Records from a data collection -
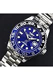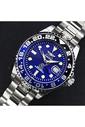 Stainless steel case 47mm diameter x 16mm thick; Exhibition case back; Blue dial; Luminous hands and hour markers NH35A Japanese Automatic movement, 24 jewel; Assembled in Malaysia; Watch weight: 234 grams Stainless steel band, 210mm L x 22mm W; Band is adjustable by adding/removing links; Fold over safety clasp Mineral crystal; Screw-down crown; Unidirectional stainless steel bezel with black and blue top bezel ring; 300 meter water resistant: Suitable for professional marine activity and surface water sports. Suitable for diving.
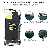 🌟【Premium Workmanship & High Quality】: OLED, (NOT LCD). High color saturation, high brightness, ultra-wide field, high resolution, thinner and lighter than LCD. 3D Touch, fast response and low power consumption. Water dripping and splashing resistance. Anti-oil, anti-fingerprint, make your phone look as clean as new. High strength to resist sharp objects, avoid scratches, explosion-proof, reduce the risk of broken screen. Super smooth and sensitive touch, more fluid experience, perfect feeling! 📱【Compatibility & Application】: The iPhone 12 Pro Max OLED screen replacement is ONLY compatible with iPhone 12 PRO MAX, 6.7 inch (Model A2342, A2410, A2411, A2412). NOT suitable for iPhone 12/12 PRO. The iPhone 12 PRO MAX screen replacement OLED provides effective solutions to various screen problems, allowing you to replace damaged screens. Using to replace the defective screen like the digitizer not respond, display problem, wrong color issue, distortion pixel, cracked or dead screen. 🍭【Easy To Install & Design For You】: The iPhone 12 Pro Max OLED screen replacement doesn’t include front camera, earpiece and sensors components, please transfer them from your original screen to install on the new screen. Full perspective, wide color gamut, you can use it with sunglasses. And you can use the True Tone, face ID and 3D touch normally like the original screen. Many professional repair shops get their screens from us to replace the screens of their customers' phones. 🎁【Package & Tips】: It includes 1 * compatible with iPhone 12 Pro Max OLED screen replacement + 1 * waterproof frame adhesive sticker + 1 * packaging box. No tools. The waterproof seal maintains waterproof ability. You need to remove other parts from original screen to new screen. You can install it according to the video on details page. The installation video also will be sent to you soon after you placed the order. Time-saving and money-saving! 📞【Warranty & Customer Service】: All iPhone 12 Pro Max OLED screens are strictly QC double tested and 100% in good condition before shipping. We believe our products and offer one year warranty for non man-made quality issues. We recommend watching the video before installation to avoid damage. The 4 corners of the screen are sensitive, please be careful during the installation. If there is any issue with the iPhone 12 Pro Max screen or you have any problem, please contact us by email directly.
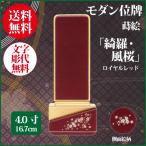 位牌 モダン位牌 綺羅・風桜 4.0号(16.7cm) 蒔絵入 ロイヤルレッド 送料無料 1霊分名入れ無料 仏具 お位牌
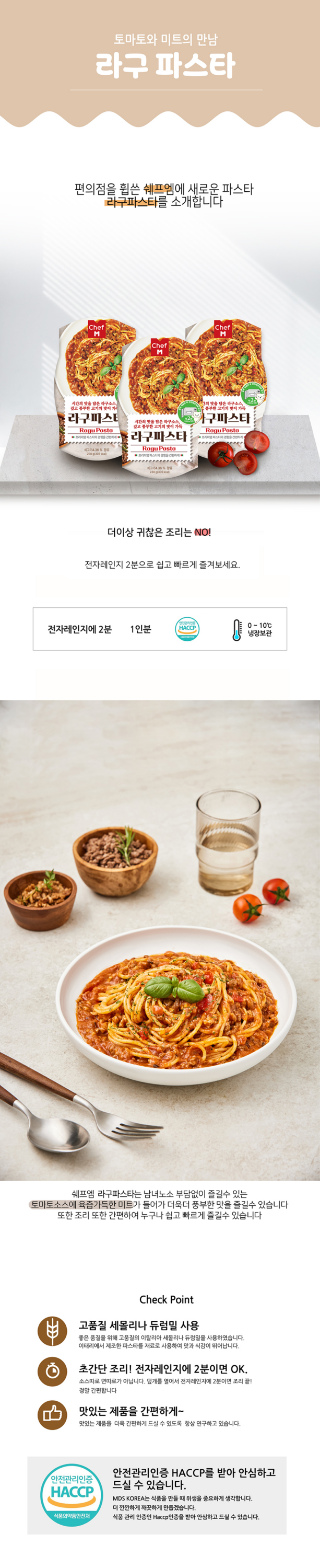 | 제품명 | 쉐프엠) 라구(미트) 파스타 230g/MDS코리아 |
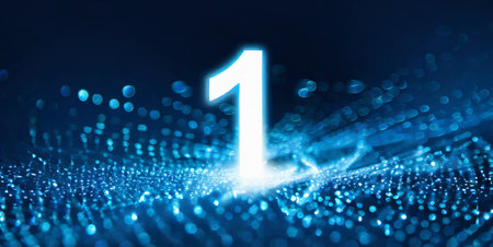 Glowing Digital Number One in Futuristic Style with Abstract Technology Background, 3D Rendering

Assignment -
Each line from the one holding "位牌 モダン位牌 綺羅・風桜" down to the end of the records is to be reproduced unaltered, and the pictures are to be omitted.

Solution -
 位牌 モダン位牌 綺羅・風桜 4.0号(16.7cm) 蒔絵入 ロイヤルレッド 送料無料 1霊分名入れ無料 仏具 お位牌
 | 제품명 | 쉐프엠) 라구(미트) 파스타 230g/MDS코리아 |
 Glowing Digital Number One in Futuristic Style with Abstract Technology Background, 3D Rendering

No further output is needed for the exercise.